Opens the Static Routing Dialog Box. From here you can create a static route.

Edit button

Opens the Static Routing Dialog Box. From here you can edit the selected static route.

Delete button

Deletes the selected static routes from the table.

Static Routing Dialog Box

Use the Static Routing dialog box to add or edit static routes.

Navigation Path

Go to the Static Routing Policy Page, then click the Add or Edit button beneath the table.

Related Topics

Field Reference

Table 26. Static Routing Dialog Box

Element

Description

Destination Network

Address information for the destination network defined by this static route.

  • Use as Default Route—When selected, makes this the default route on this router. A default route is used when the route from a source to a destination is unknown or when it is not feasible for the router to maintain many routes in its routing table. All unknown outbound packets are forwarded over the default route.

When deselected, this static route is not the default route.

  • Prefix—The IP address of the destination network. Enter an IP address or the name of a network/host object, or click Select to select the object from a list or to create a new one.
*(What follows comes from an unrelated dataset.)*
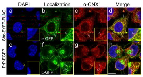 Here, the Sho and PrP’s fine ER localization to both the perinuclear and the peripheral ER network, including to both the tubular ER and the sheet-like ER cisternae, is observable. These ER compartments are occupied also by CNX, which has a marked presence in the tubular ER structures. In Sho-EYFP-FLAG cells, Sho is clearly seen localized also around the nucleus marking the nuclear envelope membrane perfectly, where it also has a complete colocalization with CNX (Figure 5a–c). Sho is also equally seen localized to the tubular ER and smooth ER sheets, where it also colocalizes with CNX. In the PrP-EGFP cells, PrP is also present in the nuclear membrane, but it does not characteristically highlight the nuclear envelope, and similar to Sho, it is present also in the tubular ER and ER cisternae (Figure 5d). In all three compartments, CNX is also present and apparently has a complete colocalization with PrP (Figure 5d–f). Apart from these three ER compartments, Sho and PrP are present in the GA and PM, where CNX is absent.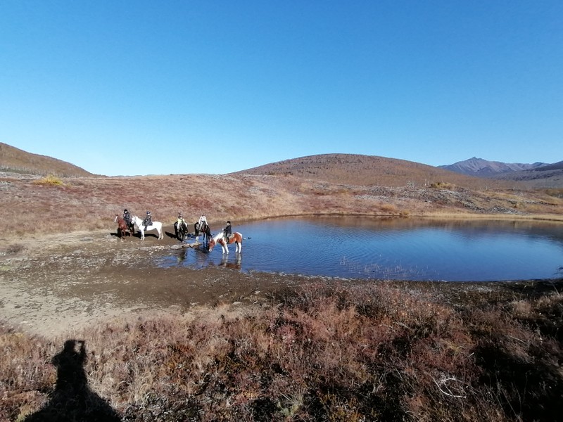Поездка на лошадях сквозь цветные ковры тундры и заросли кедрового стланика не оставит вас без впечатляющих знакомств. По пути мы можем увидеть евражек — берингийских сусликов — которые обитают здесь колониями. И, возможно, заметим пасущегося на ягоде медведя. В довесок ко всем удовольствиям вас ждёт вкусный ланч на берегу Дремучей с шикарным видом на Корякский вулкан.

The prefix must be a class A, B, or C network or host IP. A host IP can begin with 0 unless it contains a discontiguous mask. All subnet addresses are valid.

Forwarding (Next Hop)

The method of forwarding data to the destination network:

  • Forwarding Interface—The router interface that forwards packets to the remote network. Enter the name of an interface or interface role, or click Select to select the object from a list or to create a new one.

  • Forwarding IP—The IP address of the next hop router that receives and forwards packets to the remote network. Enter an IP address or the name of a network/host object, or click Select to select the object from a list or to create a new one.

Distance Metric

The number of hops to the destination network (gateway IP). The default is 1 if no value is specified. The range is from 1 to 255.
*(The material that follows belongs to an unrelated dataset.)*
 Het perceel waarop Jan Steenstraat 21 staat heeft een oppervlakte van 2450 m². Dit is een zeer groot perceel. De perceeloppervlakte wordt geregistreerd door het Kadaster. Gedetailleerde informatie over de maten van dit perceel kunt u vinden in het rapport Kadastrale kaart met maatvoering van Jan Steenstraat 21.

This metric (also known as administrative distance ) is a measurement of route expense based on the number of hops to the network on which a specified host resides. This hop count includes all the networks a packet must traverse, including the destination network. Therefore, all directly connected networks have a metric of 1.

Because the metric is based on expense, it is used to identify the priority of the static route. If two routing entries specify the same network, the route with the lower metric value (that is, the lower cost) is given a higher priority and is selected.

Note 
Under certain circumstances, it is useful to assign a static route a lower priority (larger distance metric) than a dynamic route. This enables the static route to act as a backup, “floating,” route when the dynamic route is unavailable.

Permanent route

When selected, prevents this static route entry from being deleted, even in cases where the interface is shut down or the router cannot communicate with the next router.

When deselected, this static route can be deleted.